The data
※ ※ ※

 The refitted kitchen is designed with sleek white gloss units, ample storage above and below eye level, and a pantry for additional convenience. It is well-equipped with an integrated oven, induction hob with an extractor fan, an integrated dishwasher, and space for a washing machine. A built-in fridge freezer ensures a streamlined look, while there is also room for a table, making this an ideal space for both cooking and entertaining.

※ ※ ※

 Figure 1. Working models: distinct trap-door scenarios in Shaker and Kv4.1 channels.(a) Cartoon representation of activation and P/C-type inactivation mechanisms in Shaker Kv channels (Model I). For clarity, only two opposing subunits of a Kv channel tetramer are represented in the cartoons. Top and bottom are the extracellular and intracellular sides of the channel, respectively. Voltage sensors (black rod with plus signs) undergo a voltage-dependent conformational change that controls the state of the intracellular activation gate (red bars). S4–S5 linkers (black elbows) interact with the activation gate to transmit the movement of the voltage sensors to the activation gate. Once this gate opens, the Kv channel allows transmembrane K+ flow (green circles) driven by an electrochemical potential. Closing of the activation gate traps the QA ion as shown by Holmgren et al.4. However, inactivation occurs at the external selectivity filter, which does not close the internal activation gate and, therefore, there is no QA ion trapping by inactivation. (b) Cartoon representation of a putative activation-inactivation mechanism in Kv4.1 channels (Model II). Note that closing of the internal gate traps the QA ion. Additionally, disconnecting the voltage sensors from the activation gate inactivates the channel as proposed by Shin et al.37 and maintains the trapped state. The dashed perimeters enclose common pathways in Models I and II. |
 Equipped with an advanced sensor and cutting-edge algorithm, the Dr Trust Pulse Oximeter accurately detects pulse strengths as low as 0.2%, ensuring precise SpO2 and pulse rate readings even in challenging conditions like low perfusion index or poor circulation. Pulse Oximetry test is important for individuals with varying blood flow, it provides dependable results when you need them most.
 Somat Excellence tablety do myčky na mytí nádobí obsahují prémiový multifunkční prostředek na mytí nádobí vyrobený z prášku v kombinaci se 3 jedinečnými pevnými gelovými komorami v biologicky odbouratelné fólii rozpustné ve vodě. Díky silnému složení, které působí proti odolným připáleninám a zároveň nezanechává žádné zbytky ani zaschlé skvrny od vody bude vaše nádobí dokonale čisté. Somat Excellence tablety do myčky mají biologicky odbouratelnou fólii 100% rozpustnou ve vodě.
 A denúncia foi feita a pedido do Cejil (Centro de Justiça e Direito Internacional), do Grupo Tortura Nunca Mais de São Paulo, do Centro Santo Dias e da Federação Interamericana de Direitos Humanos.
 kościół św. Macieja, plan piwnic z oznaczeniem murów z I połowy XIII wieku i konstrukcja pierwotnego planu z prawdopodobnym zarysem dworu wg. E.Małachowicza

※ ※ ※

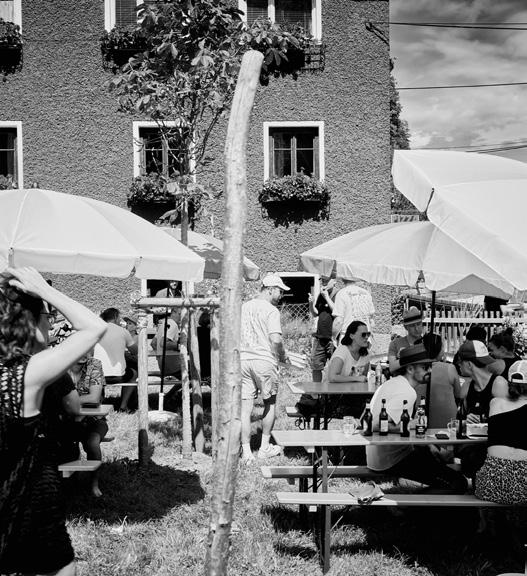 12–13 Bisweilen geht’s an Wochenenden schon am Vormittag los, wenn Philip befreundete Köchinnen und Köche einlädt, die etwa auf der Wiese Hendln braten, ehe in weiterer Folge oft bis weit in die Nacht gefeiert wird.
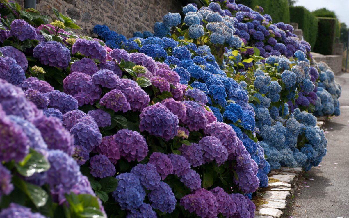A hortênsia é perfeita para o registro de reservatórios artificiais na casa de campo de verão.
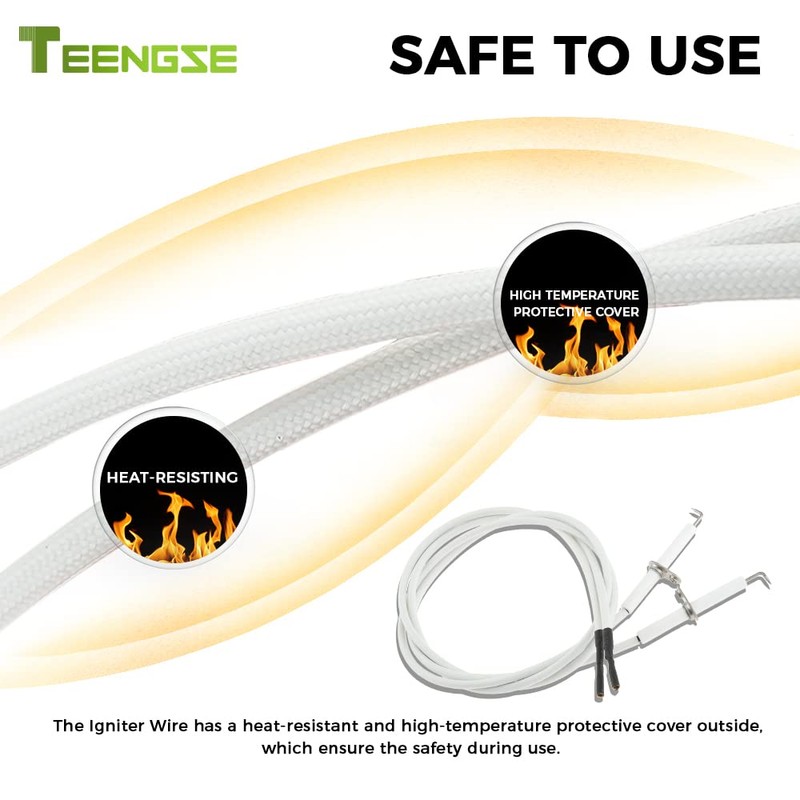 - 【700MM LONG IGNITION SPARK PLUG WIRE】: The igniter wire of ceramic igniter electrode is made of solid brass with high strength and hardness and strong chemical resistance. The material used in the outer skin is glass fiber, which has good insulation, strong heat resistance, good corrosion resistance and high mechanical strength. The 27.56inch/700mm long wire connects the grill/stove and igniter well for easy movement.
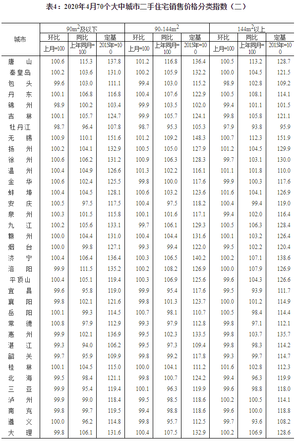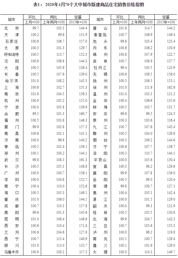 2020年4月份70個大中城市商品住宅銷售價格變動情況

※ ※ ※

Work required
Above are some lines. Repeat exactly, and only, those from the line that has "A denúncia foi" through the line that has "kościół św. Macieja, plan".

Output for this exercise
 A denúncia foi feita a pedido do Cejil (Centro de Justiça e Direito Internacional), do Grupo Tortura Nunca Mais de São Paulo, do Centro Santo Dias e da Federação Interamericana de Direitos Humanos.
 kościół św. Macieja, plan piwnic z oznaczeniem murów z I połowy XIII wieku i konstrukcja pierwotnego planu z prawdopodobnym zarysem dworu wg. E.Małachowicza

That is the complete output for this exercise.